The estate was still well-kept, though its benefactor was gone. Hughes kept an eye out for any wayward gamekeeper that might mistake him for a poacher.
Hughs crested the hill that hid the house from view. He sucked in a breath.
A few support beams stuck up like black teeth. Those were the only part of the structure still standing.
Hughes paced the length of the wreckage, sifting through the ash with his eyes. Nothing recognizable.
The newspapers had said there wasn’t even enough of a trace left for burial. Hughes squeezed his eyes shut.
Hiking back over the greens, he encountered an old woman with a bundle of washing.
“Good heavens! You weren’t up at the estate?”
Hughes confirmed that yes, he was.
The old woman blanched. “Terrible, it is.”
“I agree wholeheartedly, madam.”
“Night after night.”
Hughes paused. “Excuse me?”
“The light. The screaming. The terrible sound of fire crackling.” the old woman actually crossed herself. “Poor man. I don’t care what they say he did, no man deserves that.”
Hughes grew cold again. “Are you saying there are…spiritual visitations where the house stood?”
“That’s putting it lightly. Oh, god! If only he’d stop screaming!”
There was room at the inn, even in the middle of the season. Hughes suspected this was the norm rather than the exception. He passed some time in his room glancing unseeingly over his books and, after the sun had gone down, hiked back to the site.
The charred ruins were even blacker in the night.
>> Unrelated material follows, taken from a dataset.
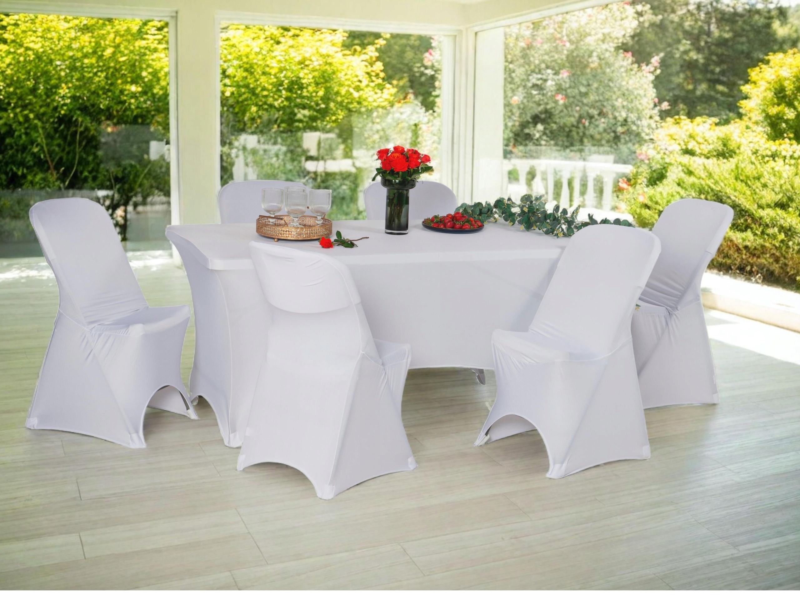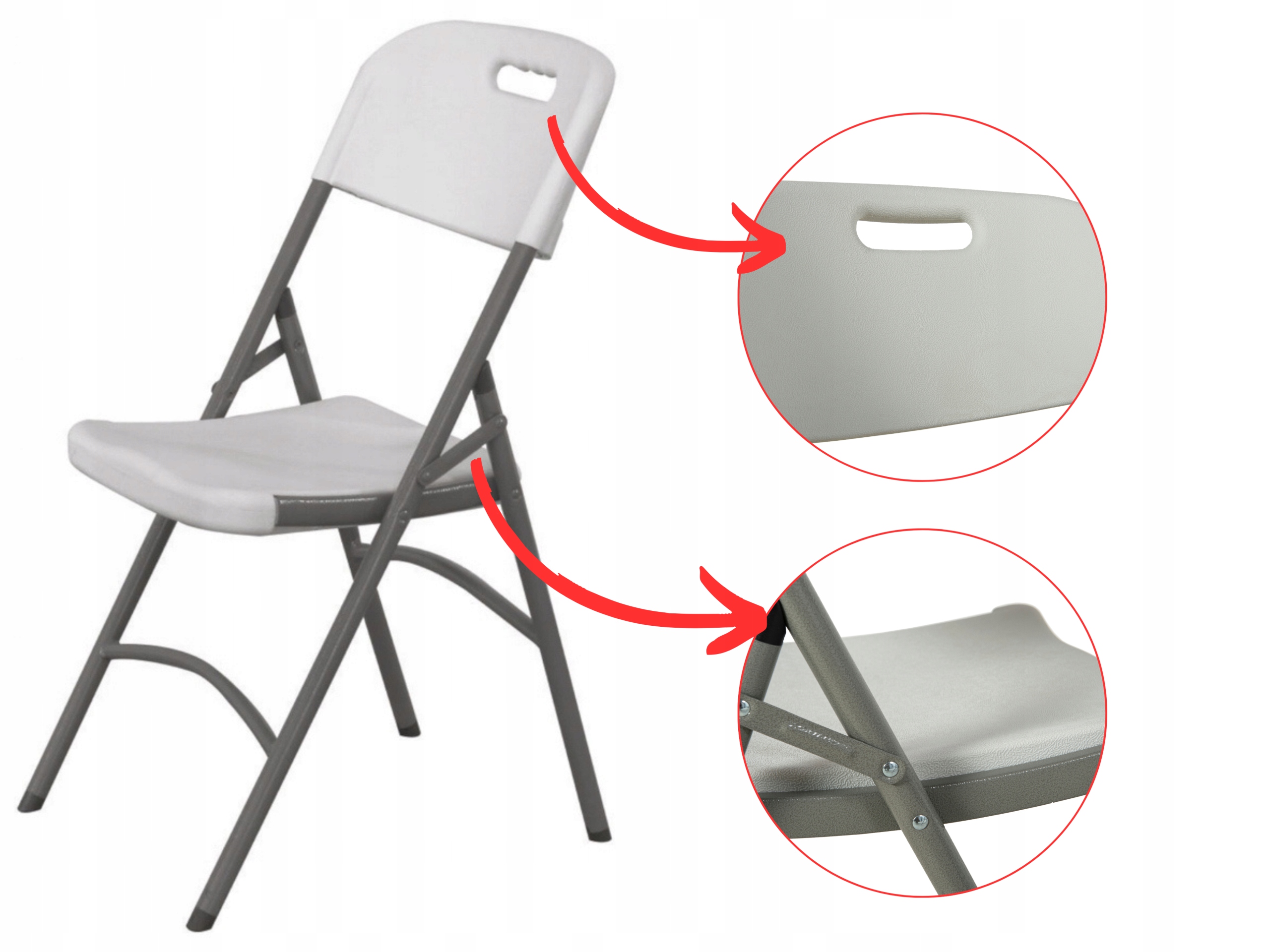 Цей набір садових меблів складається з 6 білих складних стільців і білого складного столу та чохлів, що робить його ідеальним варіантом для різноманітних свят. Конструкція виготовлена з сталі з порошковим покриттям забезпечує високу стабільність. Стіл має зручну ручку, переносити стільці вагою 4 кг також не становить великої проблеми. Ніжки столу та стільців мають нековзкі ніжки, які забезпечують стійкість.
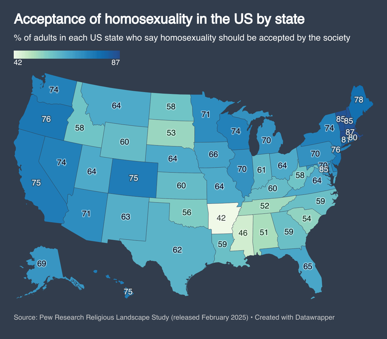 Speaking as a straight cis man, it is baffling to me that so many people aren’t accepting. I think a lot of people look positively at this chart – 48/50 states where the majority are accepting; up to 85-87% accepting in certain states. But that is still a ridiculously large amount of people who aren’t accepting. I wonder what percentage of those who aren’t accepting have cheated on their partner. I wonder how many of those that use religion as their excuse for not accepting have had premarital sex. Its baffling to me that people feel like they have the right to judge what occurs between consenting adults

Hughes stood in the yard, stamping his feet for warmth, feeling a fool.
A flash lit his face.
Hughes’s mouth dropped open.
As if viewed through a dirty glass, the house was whole again and being eaten by fire right before his eyes.
Hughes stood rooted to the spot.
Hughes jolted into motion, running toward the house. The cries certainly sounded like ffolkes. Hughes ran around the perimeter, afraid to get too close to the apparition.
Hughes followed the sound.
ffolks was in the second-story study. He did not look out at Hughes,he was merely screaming blindly for help.
“I’m here,” Hughes said. He cupped his hands around his mouth. “I’m here, man!”
“Richard! For God sakes, anyone!”
Hughes’s hands fell away from his mouth. He watched ffolkes scrabble fruitlessly at the wall, grabbing continuously at a doorknob that was painted onto the paper.
“Help!” ffolkes cried, snatching at the flat form, “help!”
Hughes watched until the fire faded, and the lot was empty and dark once more.